:: Supplied records
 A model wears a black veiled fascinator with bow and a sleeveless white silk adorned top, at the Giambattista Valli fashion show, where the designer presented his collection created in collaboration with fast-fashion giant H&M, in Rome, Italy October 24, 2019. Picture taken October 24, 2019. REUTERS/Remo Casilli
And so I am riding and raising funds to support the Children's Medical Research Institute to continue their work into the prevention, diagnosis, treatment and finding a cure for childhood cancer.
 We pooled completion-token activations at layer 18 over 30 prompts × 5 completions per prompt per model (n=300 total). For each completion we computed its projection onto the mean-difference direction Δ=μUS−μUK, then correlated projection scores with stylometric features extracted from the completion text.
::::
:: Supplied records
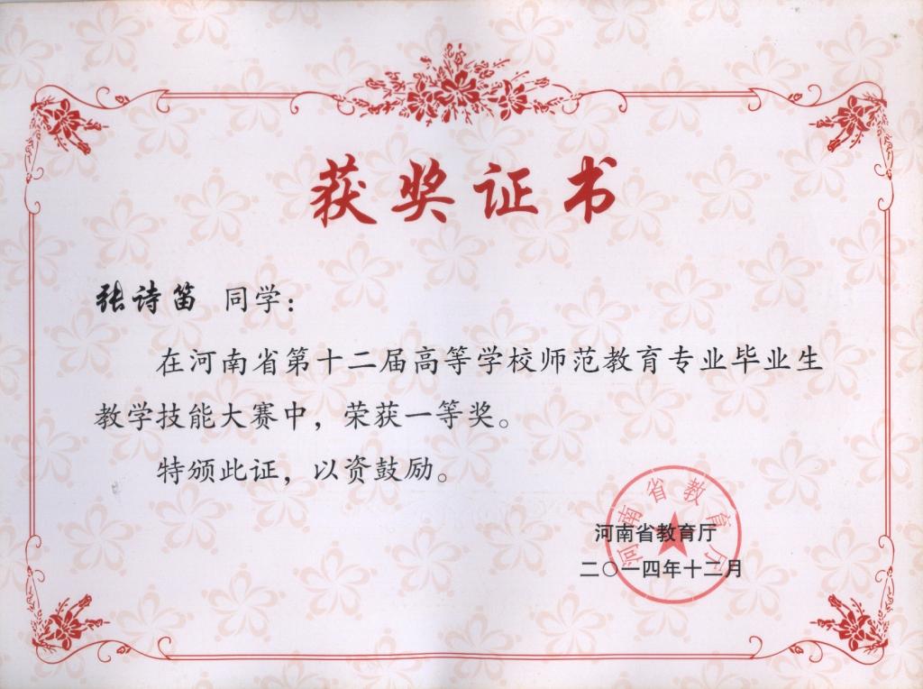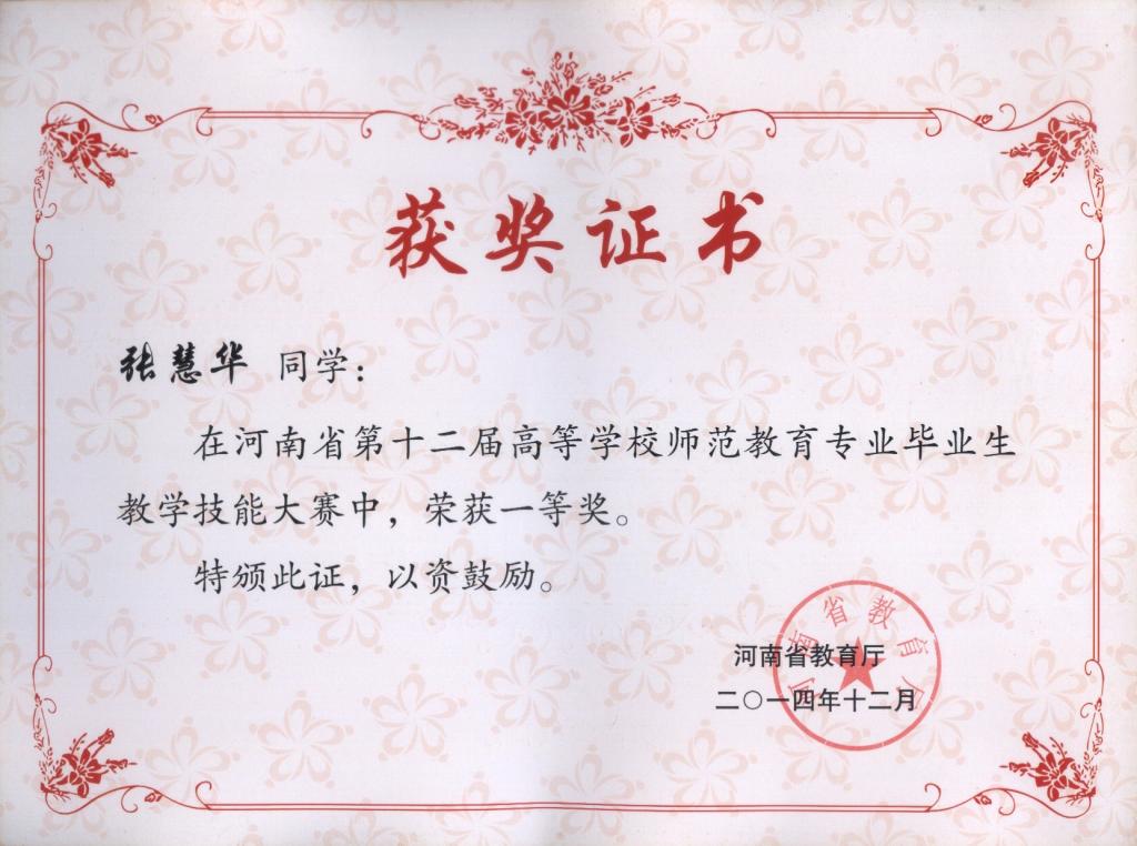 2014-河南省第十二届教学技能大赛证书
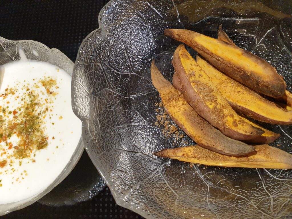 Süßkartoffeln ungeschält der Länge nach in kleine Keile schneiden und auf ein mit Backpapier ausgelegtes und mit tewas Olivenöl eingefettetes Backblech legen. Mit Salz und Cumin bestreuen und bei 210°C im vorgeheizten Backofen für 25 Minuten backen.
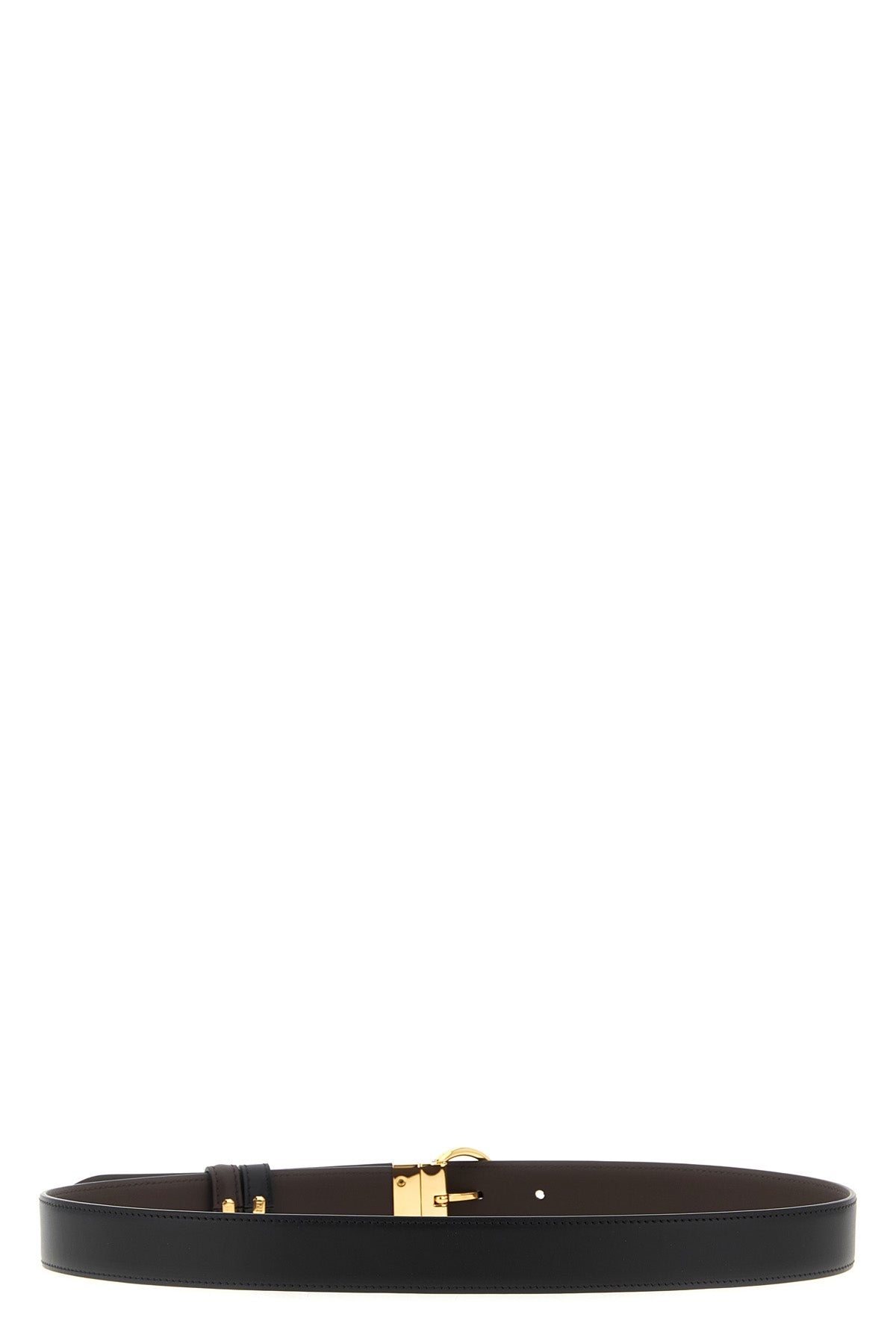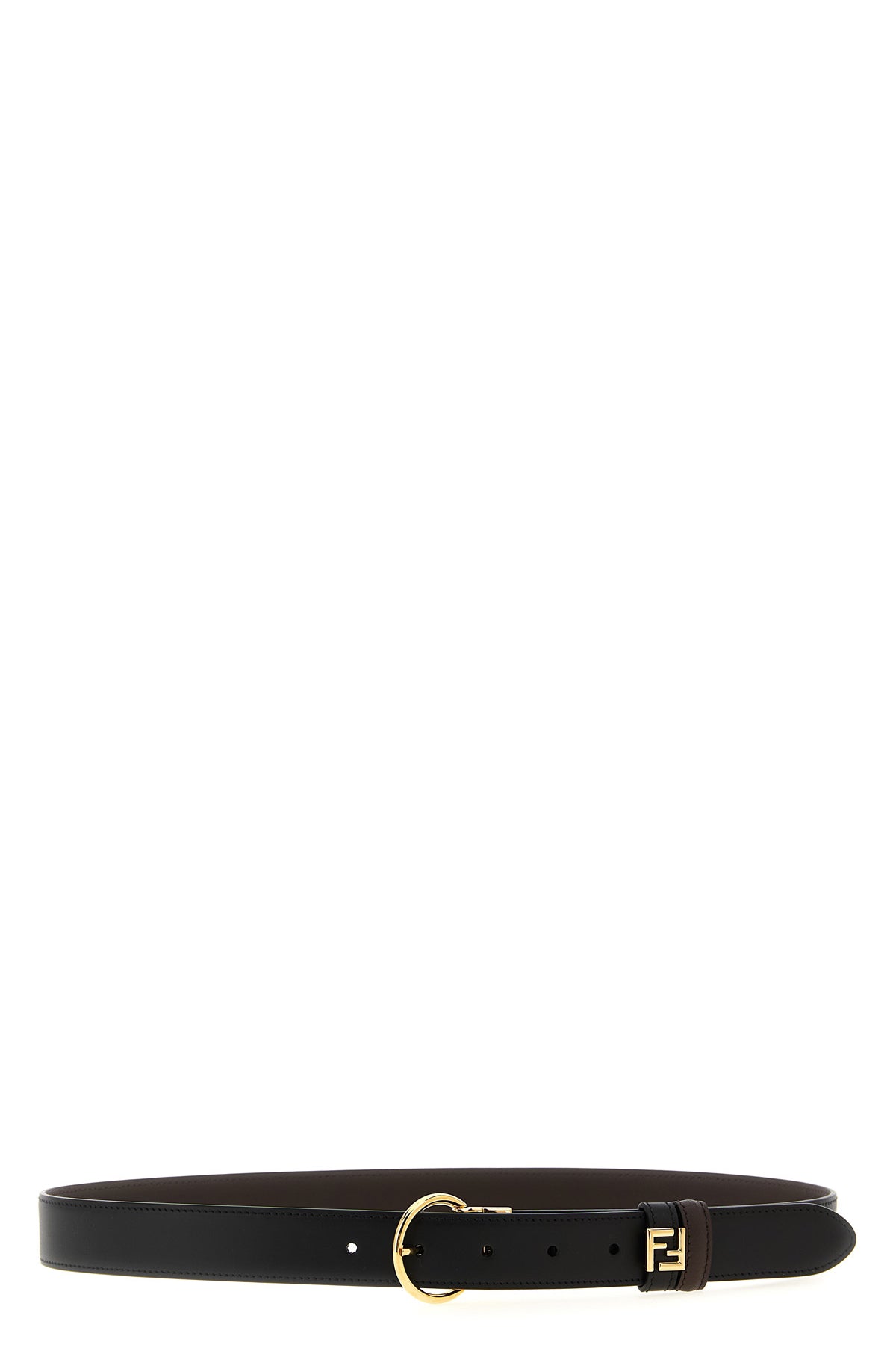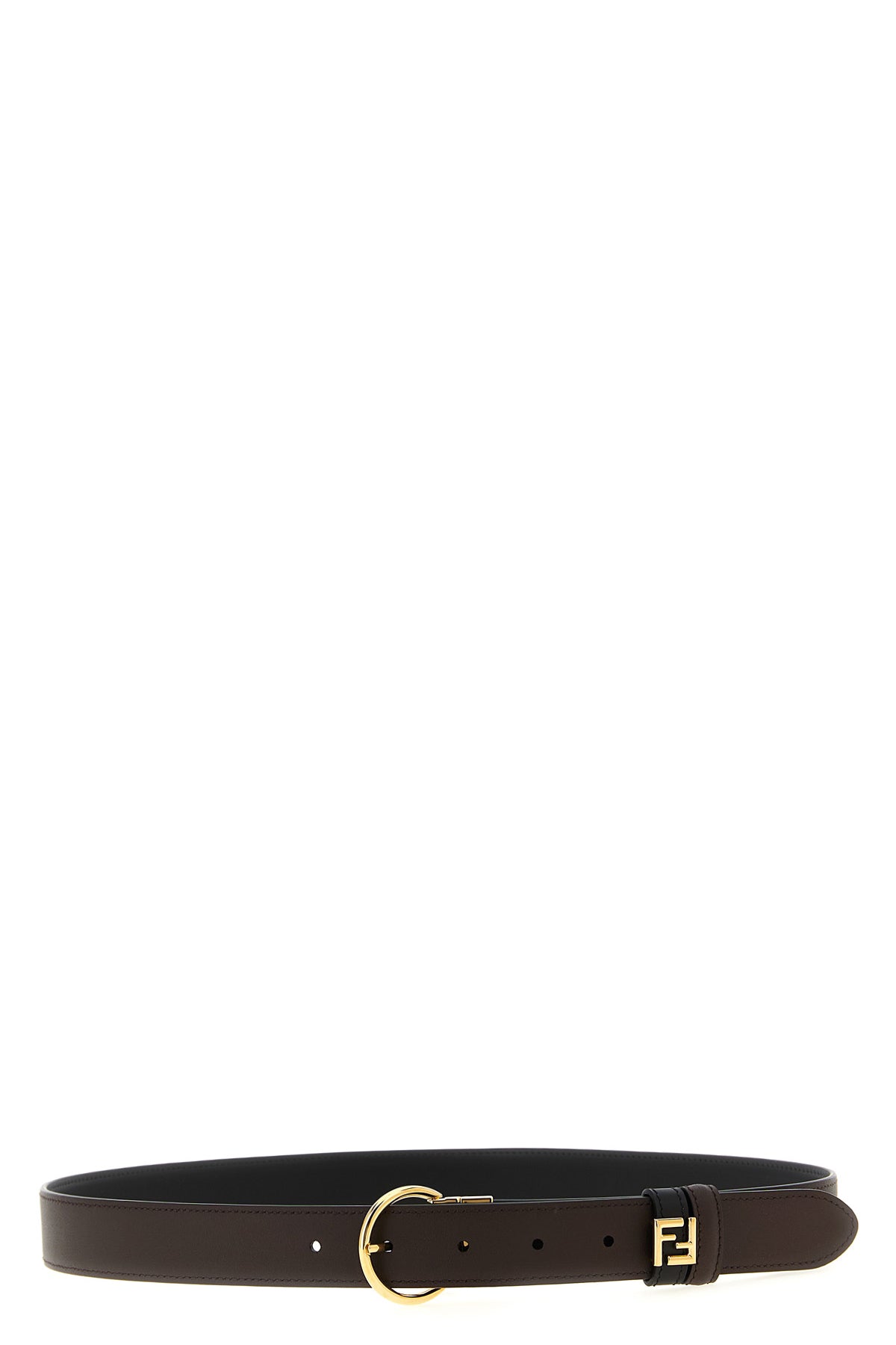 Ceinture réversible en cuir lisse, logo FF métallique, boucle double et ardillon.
::::
Find the lines in the records that contain the word "with", then copy every one of them.

Problem solution —
 A model wears a black veiled fascinator with bow and a sleeveless white silk adorned top, at the Giambattista Valli fashion show, where the designer presented his collection created in collaboration with fast-fashion giant H&M, in Rome, Italy October 24, 2019. Picture taken October 24, 2019. REUTERS/Remo Casilli
 We pooled completion-token activations at layer 18 over 30 prompts × 5 completions per prompt per model (n=300 total). For each completion we computed its projection onto the mean-difference direction Δ=μUS−μUK, then correlated projection scores with stylometric features extracted from the completion text.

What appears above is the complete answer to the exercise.